# [What is needed]
Look below for the line that contains "MATTANEWS.CO, PALEMBANG –", and write out exactly that line and all remaining lines of the listing, omitting pictures.
━━━━━━━━━━━━━━━━━━━━
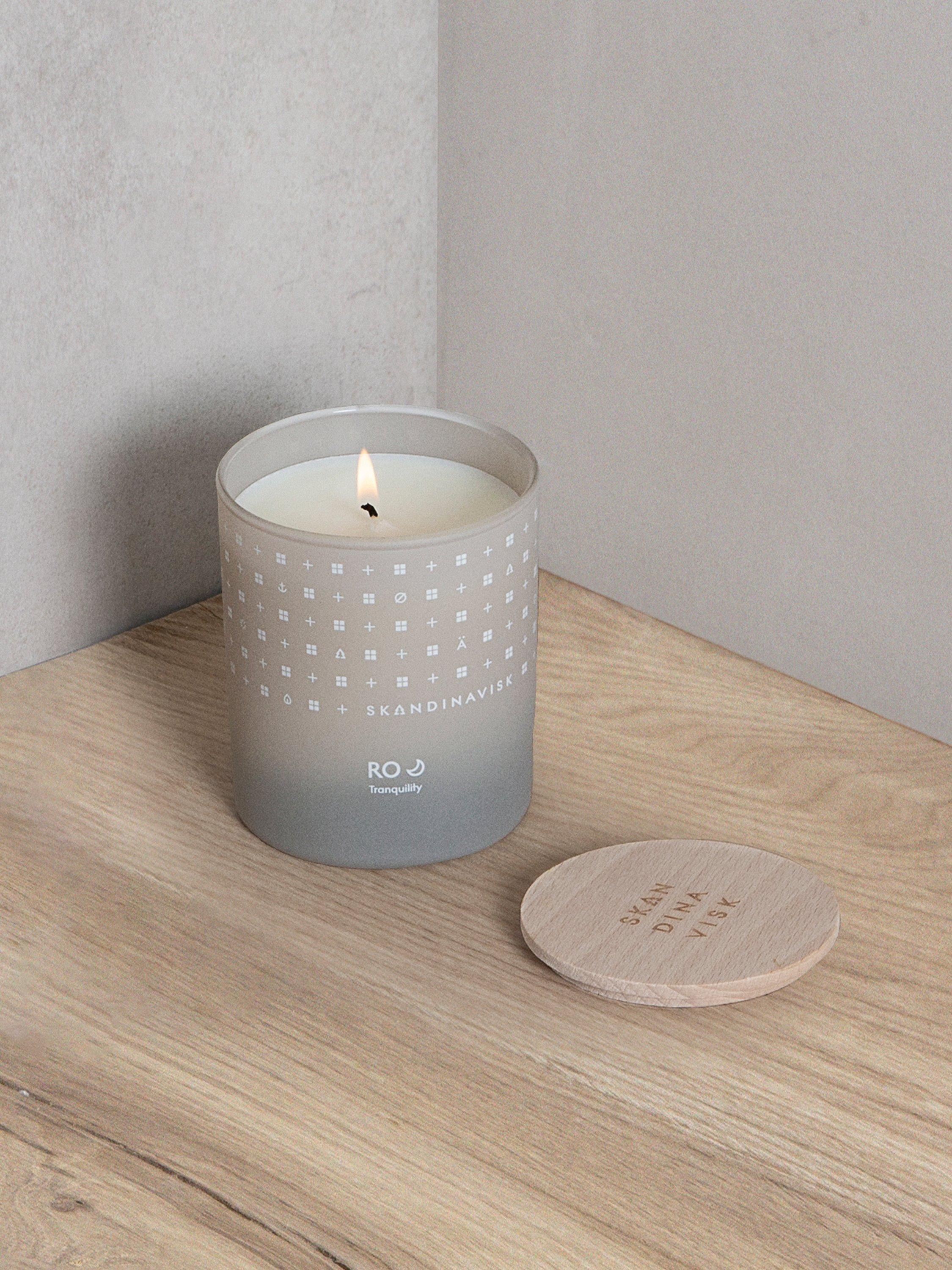 Scented candle with wax sourced from Swedish rapeseed oil and blended to burn stably and slowly. Poured into a painted glass votive with an engraved beechwood lid. Packaging card from Swedish forests with natural colour dyes.
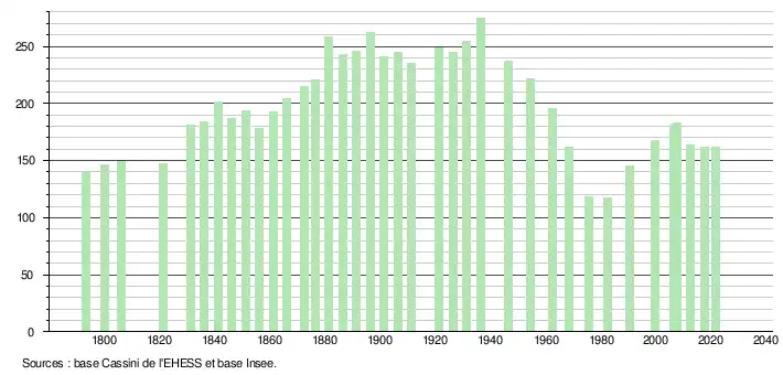 L'évolution du nombre d'habitants est connue à travers les recensements de la population effectués dans la commune depuis 1793. Pour les communes de moins de 10 000 habitants, une enquête de recensement portant sur toute la population est réalisée tous les cinq ans, les populations légales des années intermédiaires étant quant à elles estimées par interpolation ou extrapolation[32]. Pour la commune, le premier recensement exhaustif entrant dans le cadre du nouveau dispositif a été réalisé en 2007[33].
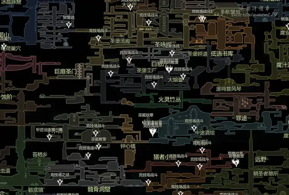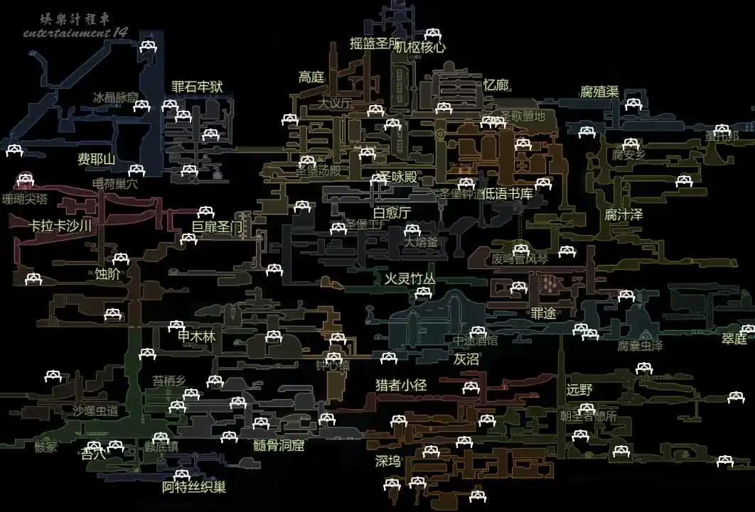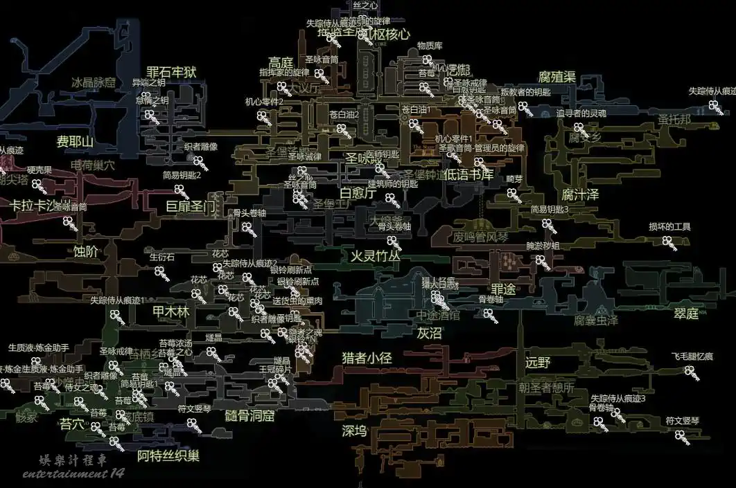 作為一款面向硬核玩家與收集黨的輔助地圖,其資訊覆蓋度堪稱驚豔。從基礎的休憩長椅、快速鈴道,到隱藏洞穴、BOSS 競技場等關鍵節點,標註精準無遺漏;17 種法術技藝、59 種實用工具、9 類強力紋章的獲取座標,不僅附帶場景截圖,更標註了前置解鎖條件(如 “某紋章需先掌握二段跳技能方可獲取”),徹底杜絕 “到了點位拿不到道具” 的尷尬。
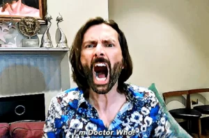 I was awaken from my slumber by this strange man singing and shouting outside of my house. I had no idea who this man was until I realised it was David Tennant, what the bloody hell is he doing outside my house?. The next thing you’re gonna tell me is that he used to be a priest. I couldn’t hear the normal sounds of nature, like birds. All I could hear was ” KILLING ME SOFTLY with his song !!!” god I think I might be going mad. I would contact my therapist but he’s a busy man. Also he says he’s been experiencing the exact same thing, maybe I’m not so mad after all. Honestly, who the fuck brought him here, screaming like a bloody bird. Honestly, can you be a bit quicker? . Why not?
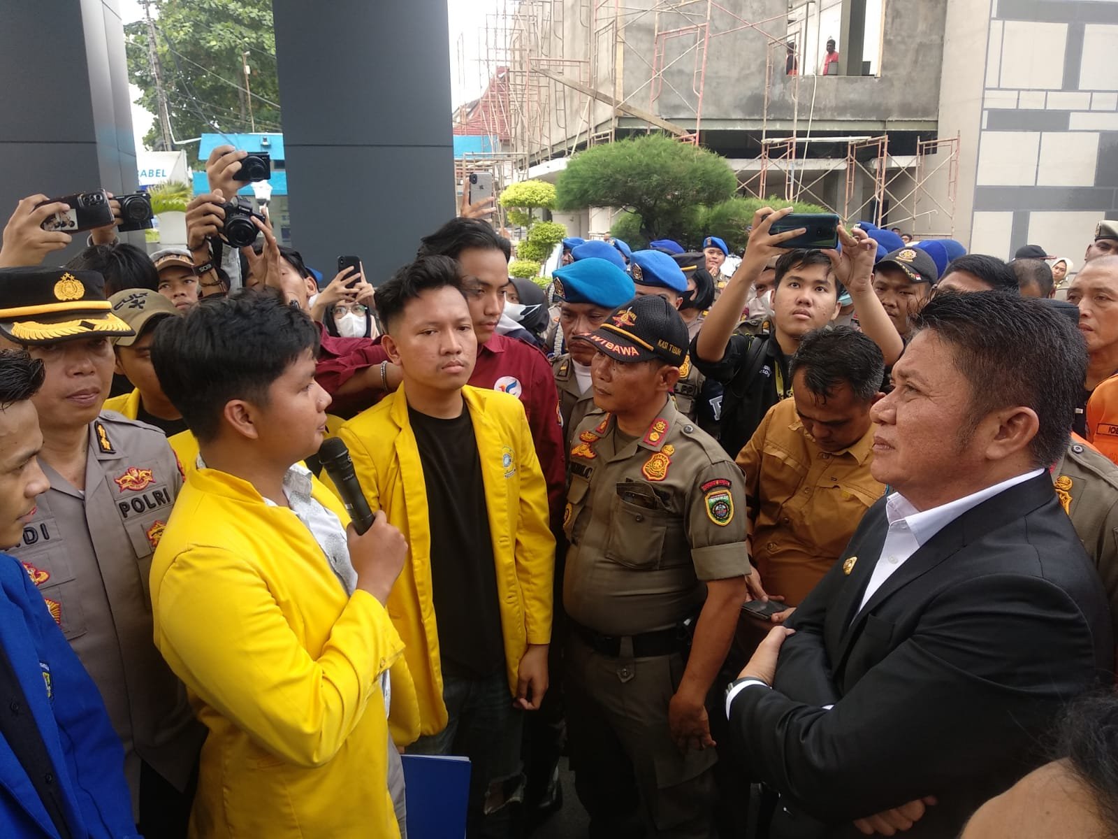 MATTANEWS.CO, PALEMBANG – Ratusan mahasiswa menggeruduk Kantor Gubernur Sumatera Selatan (Sumsel), Kamis (21/9). Mereka menuntut Pemprov Sumsel lebih aware terhadap kebakaran hutan dan lahan (Karhutla) yang selalu terjadi setiap tahun. Bahkan, Karhutla tahun ini semakin parah karena musim kemarau yang panjang.
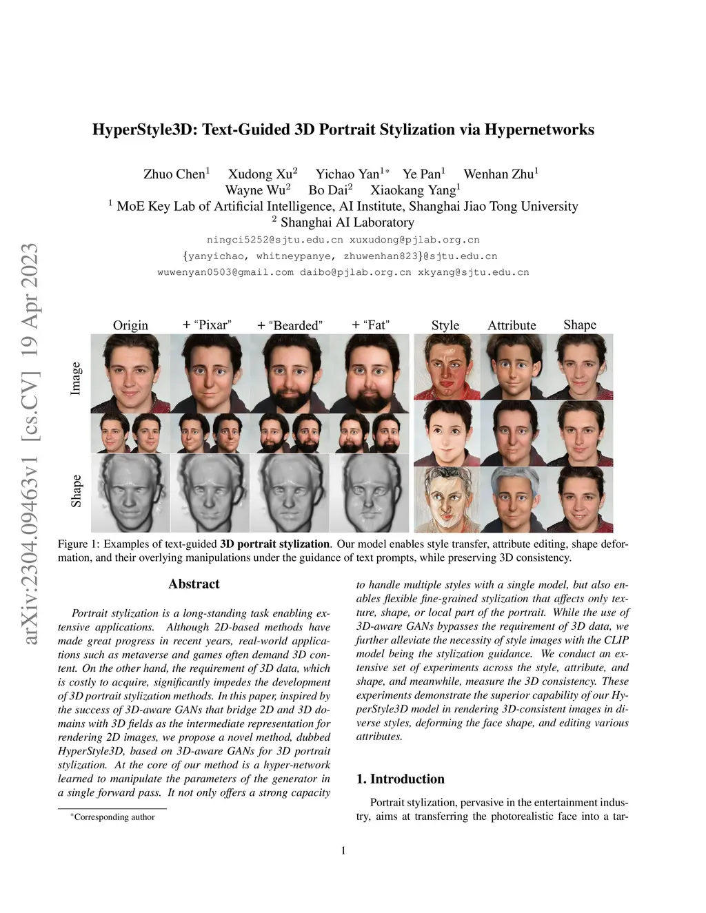 HyperStyle3D: Text-Guided 3D Portrait Stylization via Hypernetworks
━━━━━━━━━━━━━━━━━━━━
# [Response area]
 MATTANEWS.CO, PALEMBANG – Ratusan mahasiswa menggeruduk Kantor Gubernur Sumatera Selatan (Sumsel), Kamis (21/9). Mereka menuntut Pemprov Sumsel lebih aware terhadap kebakaran hutan dan lahan (Karhutla) yang selalu terjadi setiap tahun. Bahkan, Karhutla tahun ini semakin parah karena musim kemarau yang panjang.
 HyperStyle3D: Text-Guided 3D Portrait Stylization via Hypernetworks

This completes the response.